Genetic engineers have a powerful new tool to write and edit DNA code

11 min read
A photo showing machinery in a lab

Foundries such as the Edinburgh Genome Foundry assemble fragments of synthetic DNA and send them to labs for testing in cells.

Edinburgh Genome Foundry, University of Edinburgh

In the next decade, medical science may finally advance cures for some of the most complex diseases that plague humanity. Many diseases are caused by mutations in the human genome, which can either be inherited from our parents (such as in cystic fibrosis), or acquired during life, such as most types of cancer. For some of these conditions, medical researchers have identified the exact mutations that lead to disease; but in many more, they're still seeking answers. And without understanding the cause of a problem, it's pretty tough to find a cure.
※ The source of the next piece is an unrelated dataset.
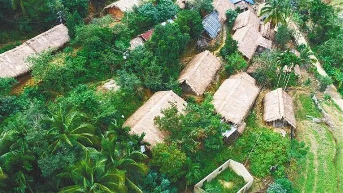 村里的茅草屋種類齊全,堪稱黎族生活文化變遷的歷史縮影,村民至今保留著織黎錦、釀山蘭酒、唱古謠的生活方式。

We believe that a key enabling technology in this quest is a computer-aided design (CAD) program for genome editing, which our organization is launching this week at the Genome Project-write (GP-write) conference.

With this CAD program, medical researchers will be able to quickly design hundreds of different genomes with any combination of mutations and send the genetic code to a company that manufactures strings of DNA. Those fragments of synthesized DNA can then be sent to a foundry for assembly, and finally to a lab where the designed genomes can be tested in cells. Based on how the cells grow, researchers can use the CAD program to iterate with a new batch of redesigned genomes, sharing data for collaborative efforts. Enabling fast redesign of thousands of variants can only be achieved through automation; at that scale, researchers just might identify the combinations of mutations that are causing genetic diseases. This is the first critical R&D step toward finding cures.